The effect of the present invention can be obtained by inserting the clamp circuit (18) in the final differentiation portion.

[0011]

According to the present invention, a clamp circuit is provided between the output of the capacitor and the input of the amplifier to prevent the differential waveform created by the differential circuit from being differentiated to a predetermined level or more. As a result, a normal output based on the optical signal is obtained from the comparator, and the advantage that the load operates normally is obtained.

[Brief description of drawings]

FIG. 1 is a diagram showing a general photodetector.

FIG. 2 is a diagram showing a clamp circuit provided in FIG.

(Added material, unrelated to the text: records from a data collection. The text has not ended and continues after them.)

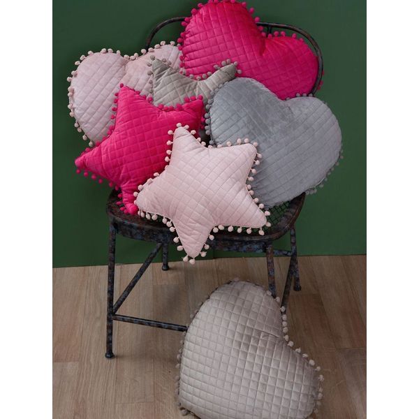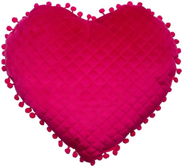 Διακοσμητικό μαξιλαράκι σε σχήμα καρδιάς από τη συλλογή Elwin της εταιρείας Palamaiki Home. Έρχεται σε βελουτέ υφή, διακοσμημένο με φουντίτσες περιμετρικά και σε απόχρωση φούξια του πάθους. Με σύνθεση από velvet μικροϊνες 85 γραμμαρίων ανά m2 και με εσωτερική γέμιση από πολυεστέρα.
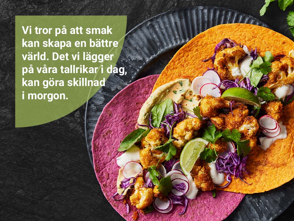 I vår koldioxidneutrala fabrik i Landskrona bakar vi varje år 400 miljoner tortillas. Vetet som används har odlats med hållbara odlingsmetoder som ger upp till 30 % lägre klimatpåverkan.
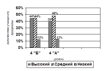 В контрольном классе (4 «А») результаты изменились совсем незначительно: 40 % детей имеют высокий уровень (на первом этапе обследования их было 35%), 48% детей имеют средний уровень (на первом этапе их было 44%), 12% детей имеют низкий уровень (на первом этапе их было 21%).
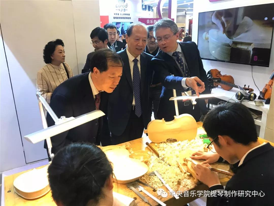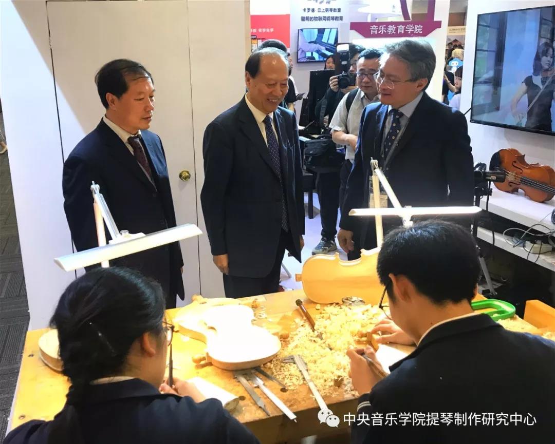 今天来我系展位参观指导的领导有:中国乐器协会理事长王世成、best365中国官方网站党委书记赵旻。他们来到我系展位版块,驻足参观,高彤彤副主任为两位领导讲解介绍。
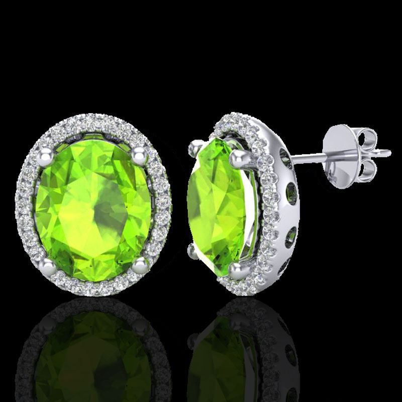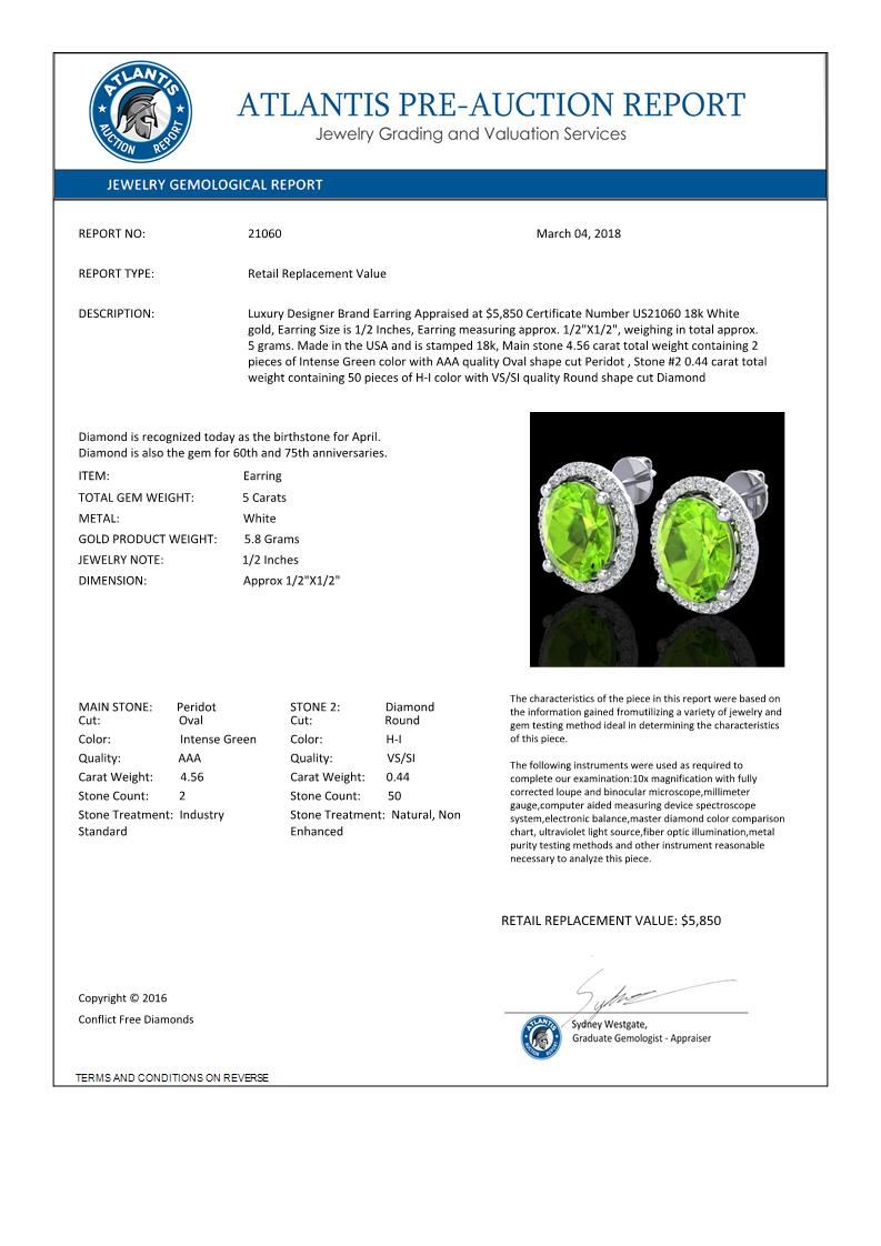 REF-82A2X -21060 ---- 5 CTW Peridot & Micro Pave VS/SI Diamond Earrings Halo 18K White Gold ---- Luxury Designer Brand Earring Appraised at $5,850 Certificate Number US21060 18k White gold, Earring Size is 1/2 Inches, Earring measuring approx. 1/2"X1/2", weighing in total approx. 5 grams. Made in the USA and is stamped 18k, Main stone 4.56 carat total weight containing 2 pieces of Intense Green color with AAA quality Oval shape cut Peridot , Stone #2 0.44 carat total weight containing 50 pieces of H-I color with VS/SI quality Round shape cut Diamond
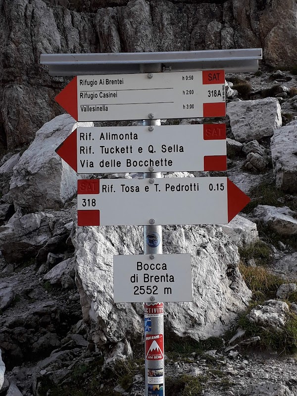 Celebre passo alpino a 2552 m nel cuore delle Dolomiti di Brenta, punto chiave delle vie ferrate storiche. Offre panorami spettacolari sulle guglie dolomitiche e rappresenta una tappa iconica dell'alpinismo trentino.
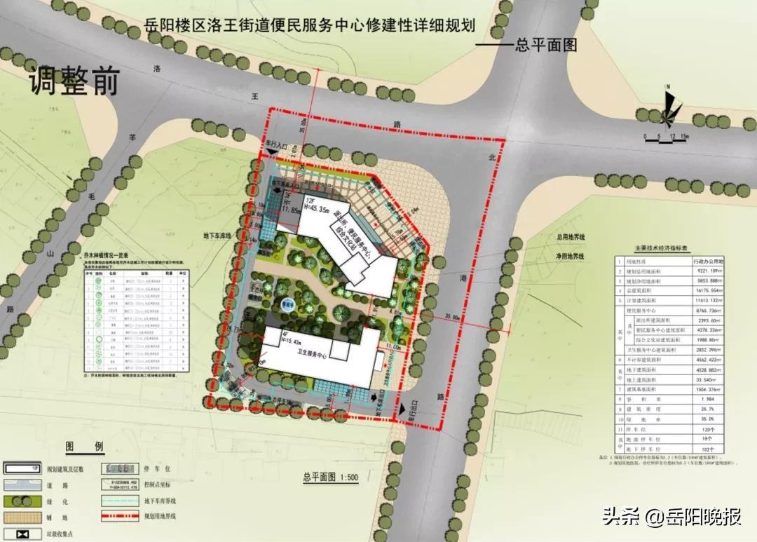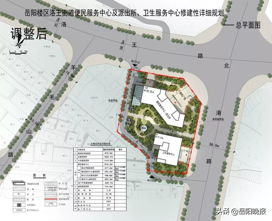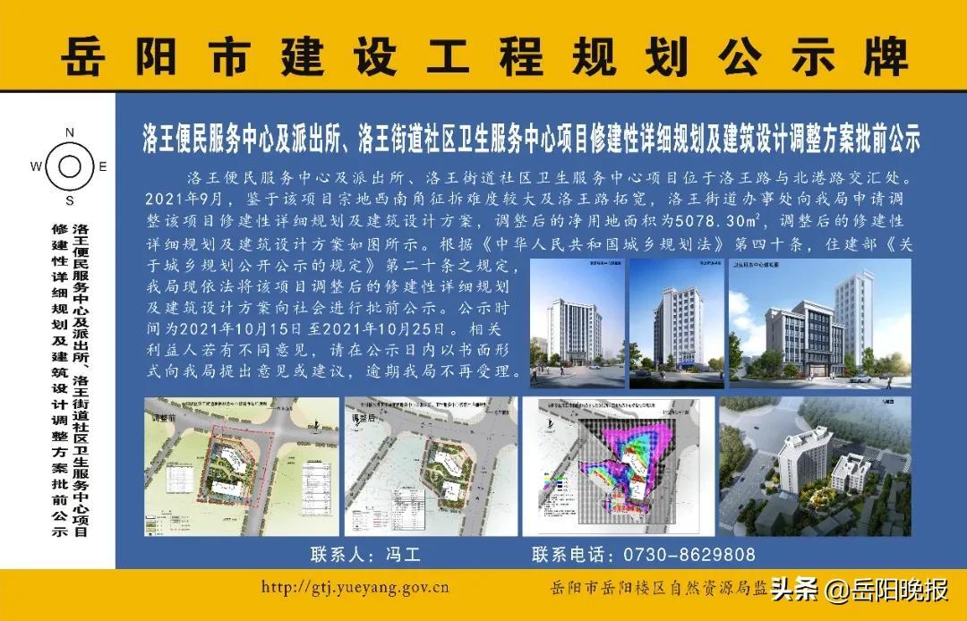 10月15日,岳阳市政府官网发布《洛王便民服务中心及派出所、洛王街道社区卫生服务中心项目修建性详细规划及建筑设计调整方案批前公示》 ,洛王街道办事处向岳阳市自然资源和规划局申请调整该项目修建性详细规划及建筑设计方案,调整后的净用地面积为5078.30㎡。

FIG. 3 is a waveform diagram showing operation waveforms of FIGS. 1 and 2.

[Explanation of symbols]

(1) Light emitting diode (6) Light receiving diode (11) Capacitor (13) Comparator (14) Load (15) Control transistor (17) Logic circuit (18) Clamp circuit (19) Operational amplifier

Claims (2)

(57) [Claims] 1. An amplifier for amplifying an electric signal generated according to the magnitude of the optical signal when the optical signal emitted from the light emitting element is received by the light receiving element, and an output of the amplifier as a reference. A comparator that outputs a high or low level in comparison with the voltage, a logic circuit that performs signal processing so that the load can be controlled based on the output of the comparator, and switching according to the output of the logic circuit, In a photodetector having a control transistor for controlling current supply to the load, a differentiation circuit composed of the input impedance of the capacitor and the amplifier clamps differentiation of the electric signal to a predetermined level or more. A photodetector comprising a clamp circuit for 2. The photodetector according to claim 1, wherein the clamp circuit is interposed between the output of the capacitor and the input of the amplifier.